### [Your task]
Retype nothing except the lines below from the one with "Well-weathered comfort and" through the one with "たくさんのワイン生産者のサイ", exactly, with images left out.

(Items listed in a dataset)
>>>

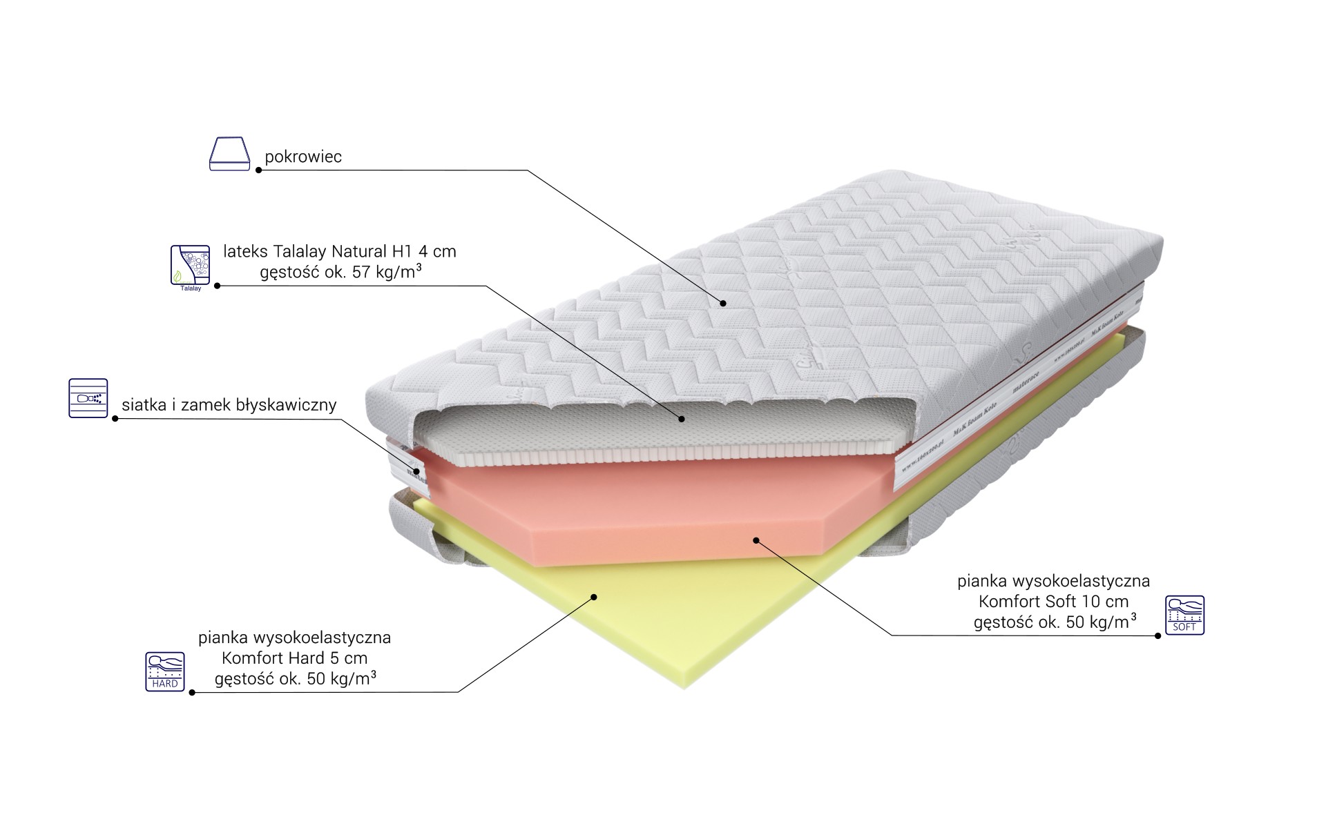 Gęstość warstwy pianki wysokoelastycznej jest w każdej z tych wersji taka sama i wynosi ok. 50 kg/m3. O twardości materaca decyduje wybór zasadniczej warstwy z pianki lateksowej.
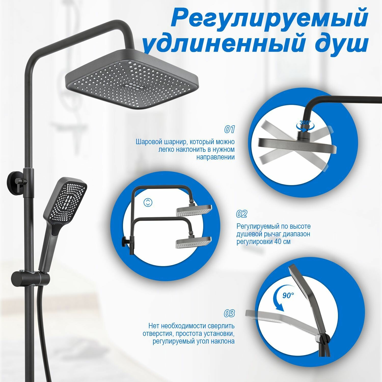 Душевая система, душевой комплект, тропический душ, смеситель для ванной душа, серый интересное:
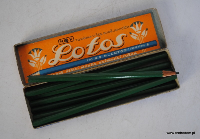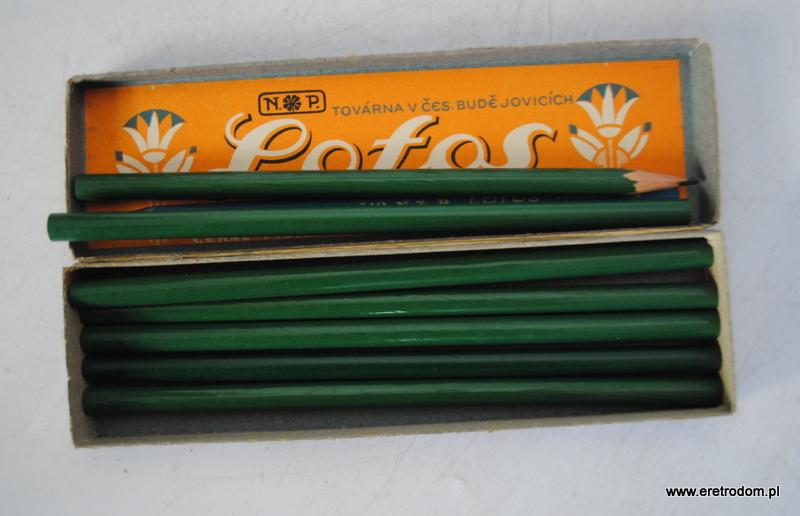 Ołówki Lotos. I pol,. XXw. Tekturowe opakowanie + 7 ołówków.
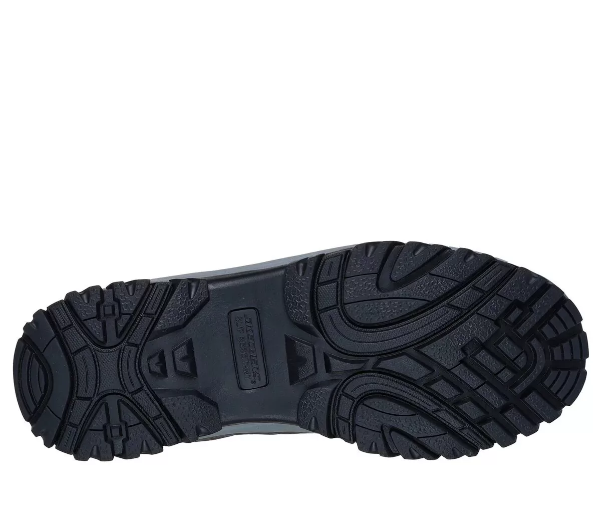 Well-weathered comfort and safety deliver in Skechers Work™: Relment – Erett CT. This waterproof hiker-inspired lace-up features a leather and woven fabric upper with a cushioned Skechers Air-Cooled Memory Foam® insole and composite safety toe.
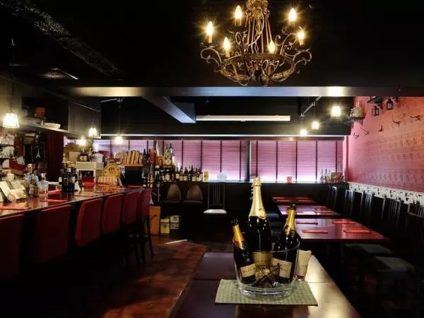 たくさんのワイン生産者のサインが書かれたエントランスの壁が雰囲気を盛り上げてくれます。赤と黒を基調としたオシャレな店内にはテーブル席に加えて、半個室、個室も完備。ウェルカムシャンパン、メッセージ付きデザートもついた記念日にぴったりのコースもあり、心に残るひとときを過ごせます。
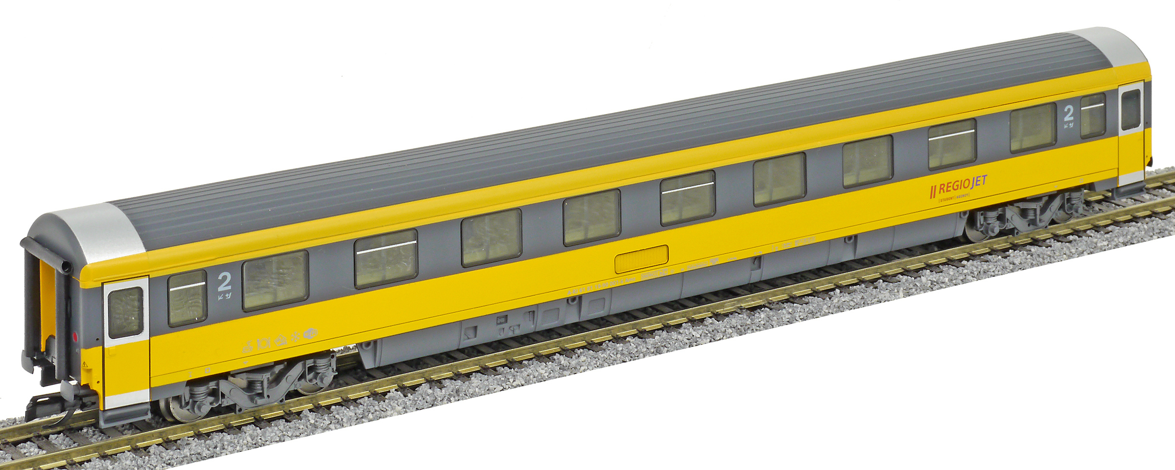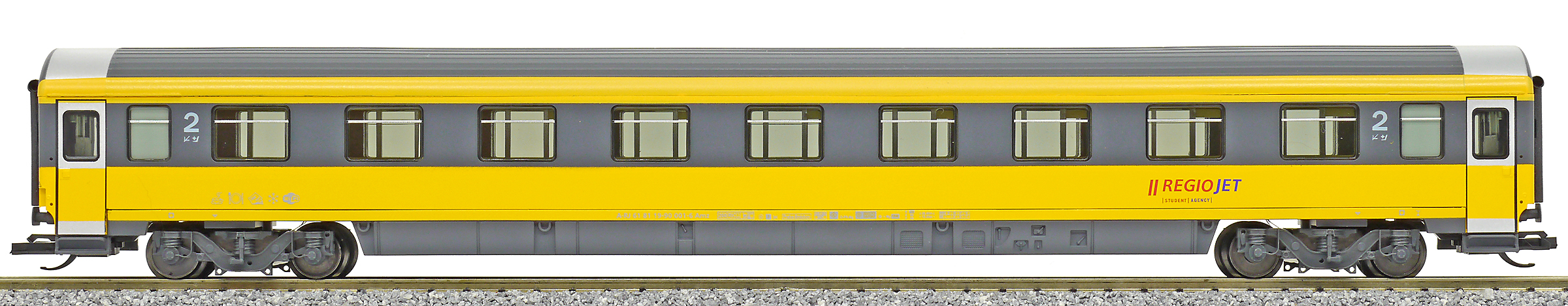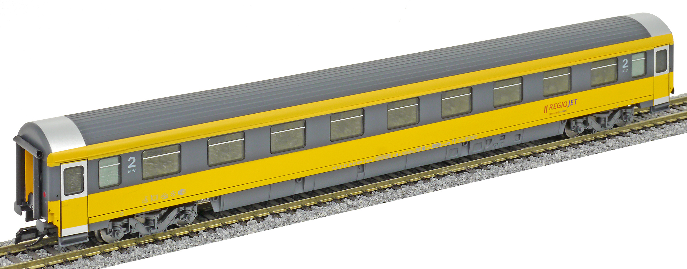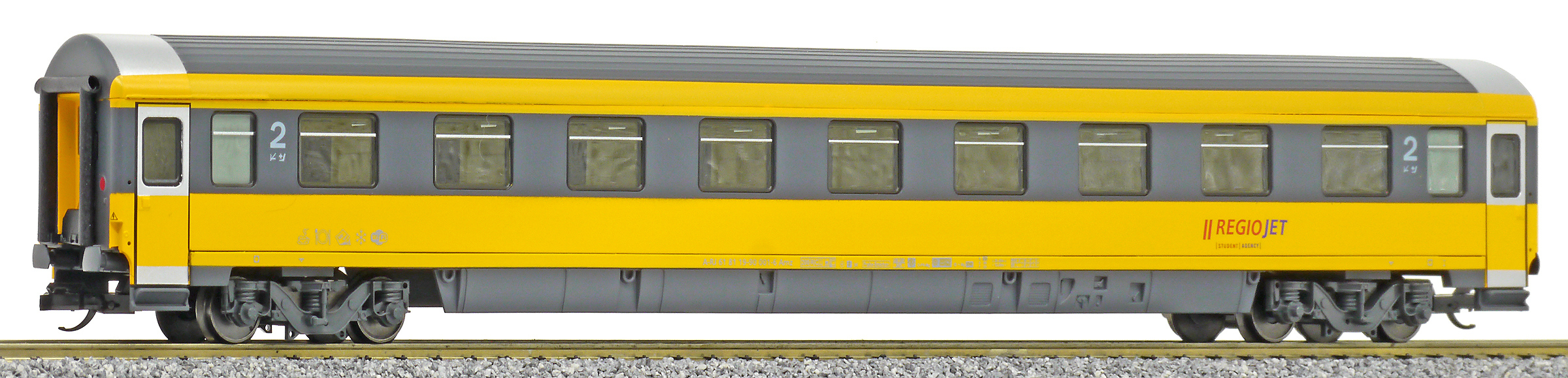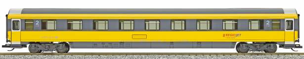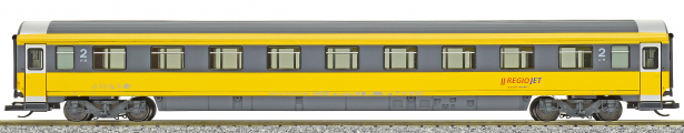 | rychlíkový vůz v barvách „RegioJet“ 2. tř. |

<<<

### [Solution]
 Well-weathered comfort and safety deliver in Skechers Work™: Relment – Erett CT. This waterproof hiker-inspired lace-up features a leather and woven fabric upper with a cushioned Skechers Air-Cooled Memory Foam® insole and composite safety toe.
 たくさんのワイン生産者のサインが書かれたエントランスの壁が雰囲気を盛り上げてくれます。赤と黒を基調としたオシャレな店内にはテーブル席に加えて、半個室、個室も完備。ウェルカムシャンパン、メッセージ付きデザートもついた記念日にぴったりのコースもあり、心に残るひとときを過ごせます。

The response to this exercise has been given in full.